What you have to do
Span requested from the data below: the line with "Černá dámská zimní" through the line with "Very well maintained", both included. Give only these lines again, exactly, and leave every picture out.

Data for analysis
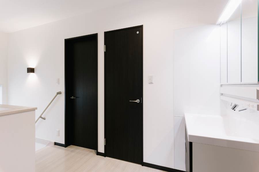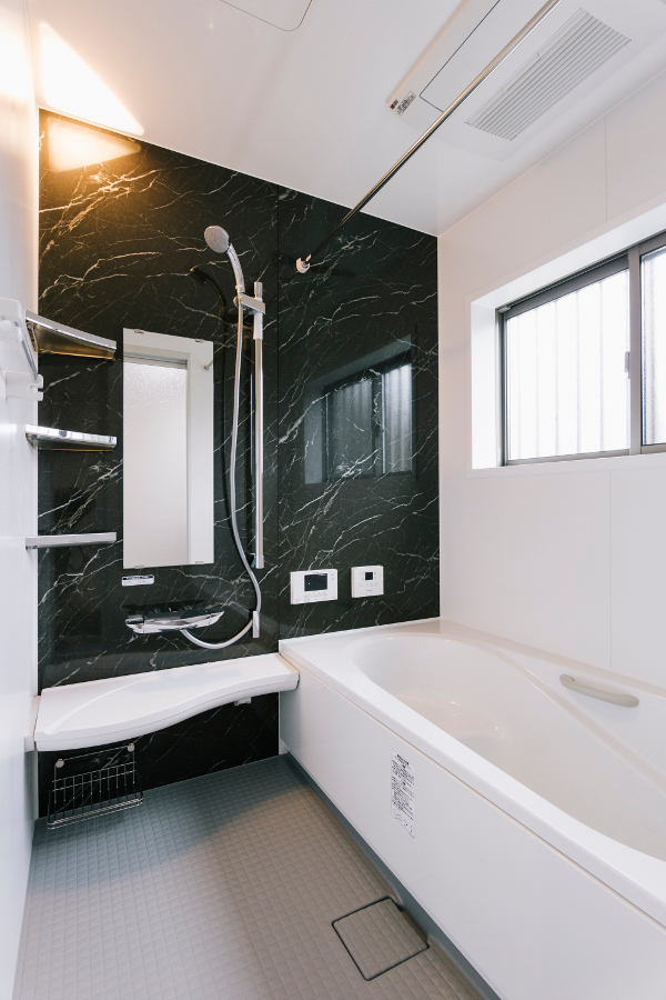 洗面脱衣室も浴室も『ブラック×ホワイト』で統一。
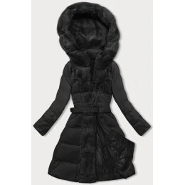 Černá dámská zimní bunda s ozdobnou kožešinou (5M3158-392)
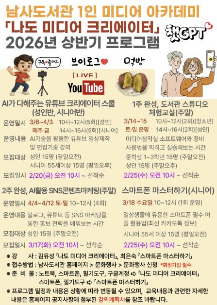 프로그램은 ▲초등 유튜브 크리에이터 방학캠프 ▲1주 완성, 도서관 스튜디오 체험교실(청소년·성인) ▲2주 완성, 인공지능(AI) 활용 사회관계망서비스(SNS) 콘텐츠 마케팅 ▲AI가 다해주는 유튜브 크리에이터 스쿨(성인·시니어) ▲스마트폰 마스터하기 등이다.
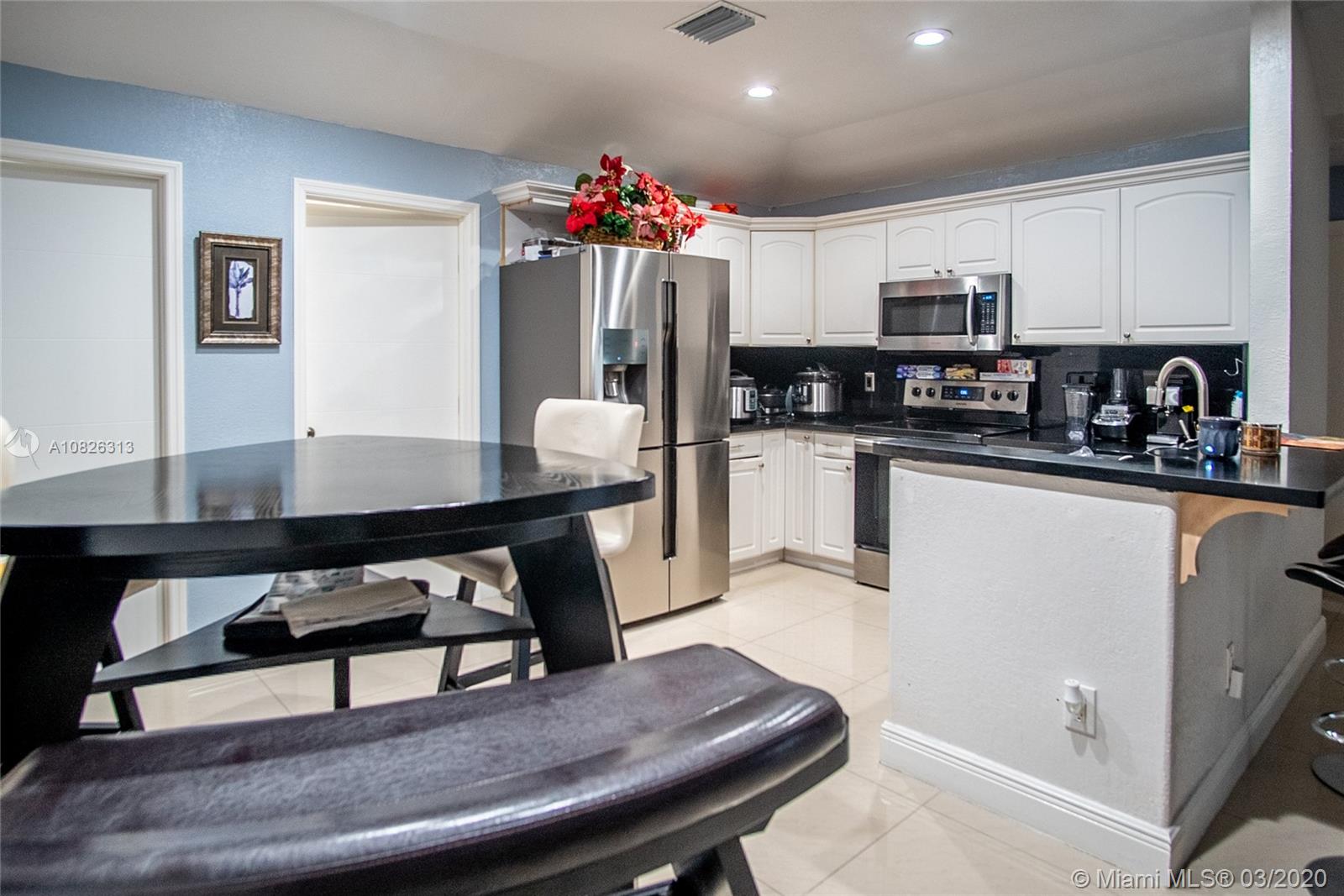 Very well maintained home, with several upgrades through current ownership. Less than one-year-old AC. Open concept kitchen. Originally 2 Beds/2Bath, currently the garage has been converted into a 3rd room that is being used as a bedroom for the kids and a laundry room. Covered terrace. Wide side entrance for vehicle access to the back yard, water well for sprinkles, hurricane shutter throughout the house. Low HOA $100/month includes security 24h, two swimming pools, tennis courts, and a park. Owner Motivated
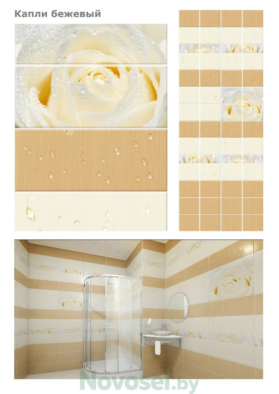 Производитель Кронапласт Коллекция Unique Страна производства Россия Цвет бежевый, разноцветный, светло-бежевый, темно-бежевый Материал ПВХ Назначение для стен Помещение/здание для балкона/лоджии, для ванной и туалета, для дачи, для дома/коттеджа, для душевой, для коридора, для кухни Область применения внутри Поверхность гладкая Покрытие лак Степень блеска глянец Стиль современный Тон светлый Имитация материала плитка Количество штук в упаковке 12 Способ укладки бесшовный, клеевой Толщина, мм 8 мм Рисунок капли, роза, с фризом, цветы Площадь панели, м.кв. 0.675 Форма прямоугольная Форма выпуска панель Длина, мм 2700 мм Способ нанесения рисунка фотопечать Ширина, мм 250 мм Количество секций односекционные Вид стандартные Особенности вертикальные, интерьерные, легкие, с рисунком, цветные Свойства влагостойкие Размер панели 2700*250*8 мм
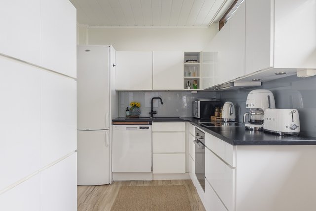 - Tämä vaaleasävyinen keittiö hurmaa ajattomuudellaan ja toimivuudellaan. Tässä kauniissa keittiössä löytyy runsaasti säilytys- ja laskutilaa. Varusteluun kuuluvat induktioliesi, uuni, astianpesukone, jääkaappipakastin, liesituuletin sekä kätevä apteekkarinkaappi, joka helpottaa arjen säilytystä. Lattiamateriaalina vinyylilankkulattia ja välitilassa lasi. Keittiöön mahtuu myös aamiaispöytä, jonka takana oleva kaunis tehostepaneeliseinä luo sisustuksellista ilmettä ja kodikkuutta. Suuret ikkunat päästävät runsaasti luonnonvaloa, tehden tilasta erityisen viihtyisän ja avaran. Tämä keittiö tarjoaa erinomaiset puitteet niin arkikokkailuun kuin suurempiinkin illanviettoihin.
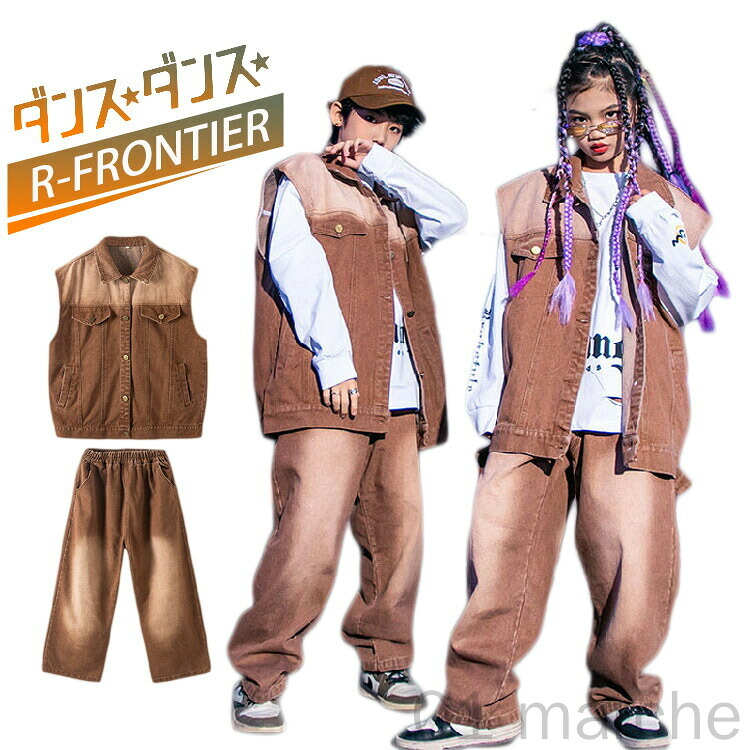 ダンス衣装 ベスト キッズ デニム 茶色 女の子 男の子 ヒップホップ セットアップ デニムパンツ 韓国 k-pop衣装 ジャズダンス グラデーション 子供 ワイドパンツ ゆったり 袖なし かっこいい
...
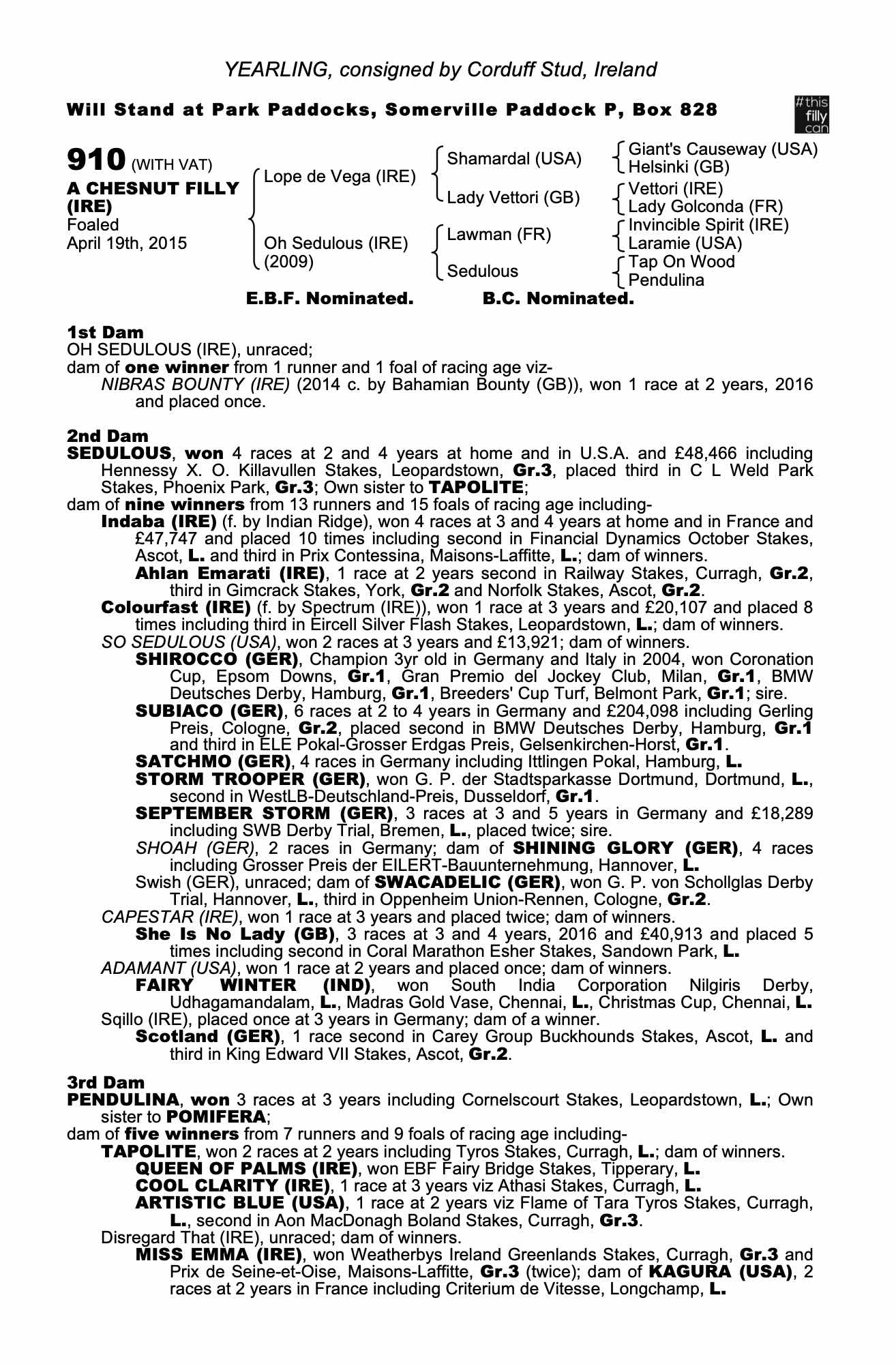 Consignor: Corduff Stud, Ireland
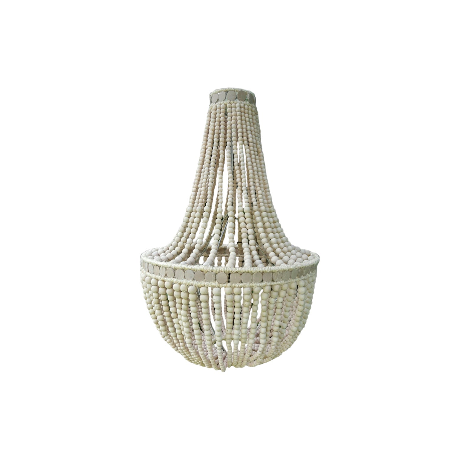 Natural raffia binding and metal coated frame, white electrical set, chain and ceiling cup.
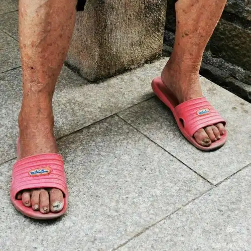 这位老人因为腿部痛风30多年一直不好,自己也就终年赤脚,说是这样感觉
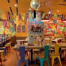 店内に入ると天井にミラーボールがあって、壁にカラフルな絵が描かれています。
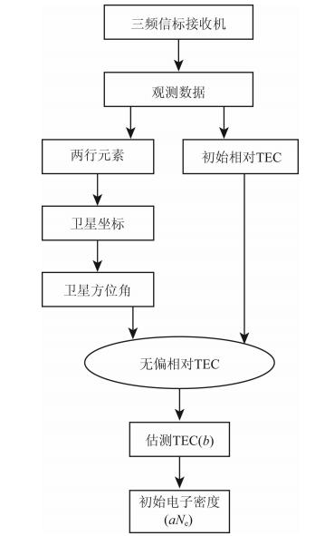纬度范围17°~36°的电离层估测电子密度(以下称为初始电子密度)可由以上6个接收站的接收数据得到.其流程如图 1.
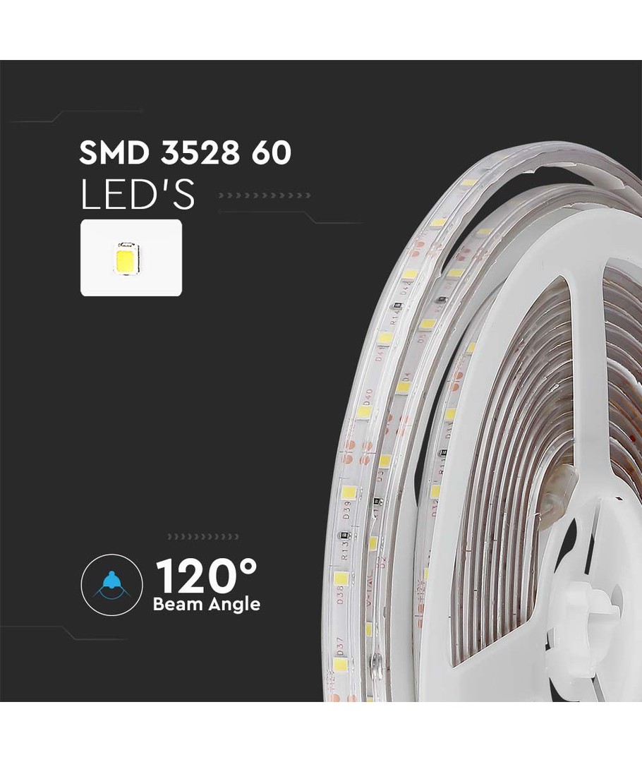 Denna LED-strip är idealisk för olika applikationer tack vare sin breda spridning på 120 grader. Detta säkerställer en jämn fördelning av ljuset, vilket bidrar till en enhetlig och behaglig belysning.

Task output
 Černá dámská zimní bunda s ozdobnou kožešinou (5M3158-392)
 프로그램은 ▲초등 유튜브 크리에이터 방학캠프 ▲1주 완성, 도서관 스튜디오 체험교실(청소년·성인) ▲2주 완성, 인공지능(AI) 활용 사회관계망서비스(SNS) 콘텐츠 마케팅 ▲AI가 다해주는 유튜브 크리에이터 스쿨(성인·시니어) ▲스마트폰 마스터하기 등이다.
 Very well maintained home, with several upgrades through current ownership. Less than one-year-old AC. Open concept kitchen. Originally 2 Beds/2Bath, currently the garage has been converted into a 3rd room that is being used as a bedroom for the kids and a laundry room. Covered terrace. Wide side entrance for vehicle access to the back yard, water well for sprinkles, hurricane shutter throughout the house. Low HOA $100/month includes security 24h, two swimming pools, tennis courts, and a park. Owner Motivated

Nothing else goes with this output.